Exactly reproduce the lines from the line bearing "2、在子分類頁面,點(diǎ" through the end of the listing, inclusive of both; pictures are to be omitted.

• [Data segment]:
┌──

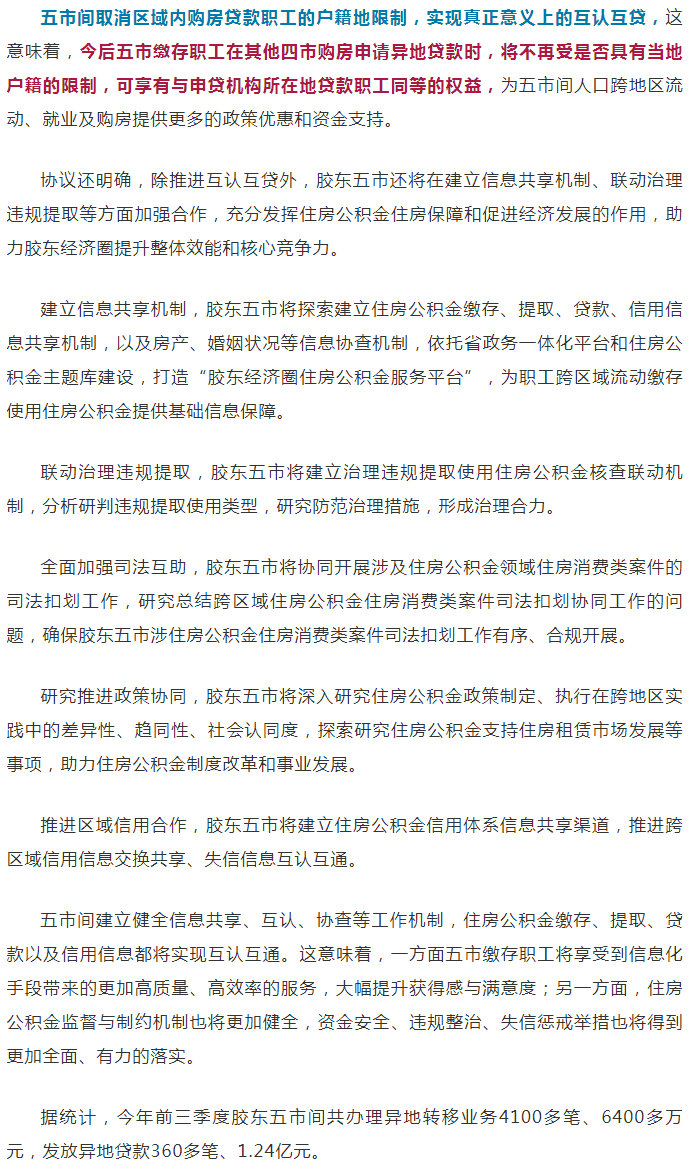 根據協議,膠東五市住房公積金部門將深入推進互認互貸,推動住房公積金轉移接續和繳存信息互認,在尊重五市具體政策措施的基礎上,取消區域內購房貸款職工戶籍地限制,確保申請異地貸款的職工與申貸機構所在地貸款職工享有同等權益。
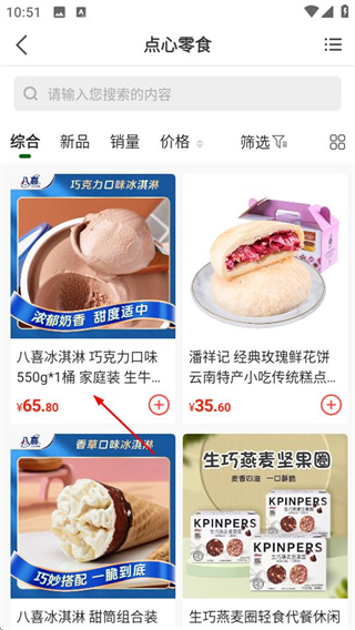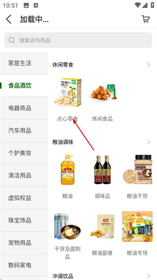 2、在子分類頁面,點(diǎn)擊點(diǎn)心零食選項(xiàng),進(jìn)入點(diǎn)心零食的商品列表頁。
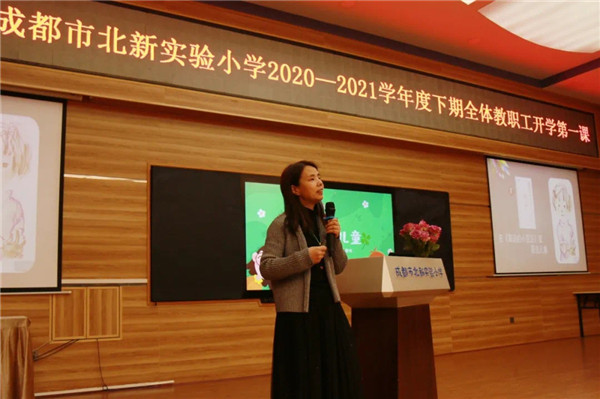 2021年2月27日,成都市北新实验小学全体教职员工用“开学第一讲”,开启他们新一学期的工作。一个“石头剪刀布”的童年游戏,将大家从年味浓浓的寒假迅速带回了欢乐的开讲现场。

└──

• [Result of the exercise]:
 2、在子分類頁面,點(diǎn)擊點(diǎn)心零食選項(xiàng),進(jìn)入點(diǎn)心零食的商品列表頁。
 2021年2月27日,成都市北新实验小学全体教职员工用“开学第一讲”,开启他们新一学期的工作。一个“石头剪刀布”的童年游戏,将大家从年味浓浓的寒假迅速带回了欢乐的开讲现场。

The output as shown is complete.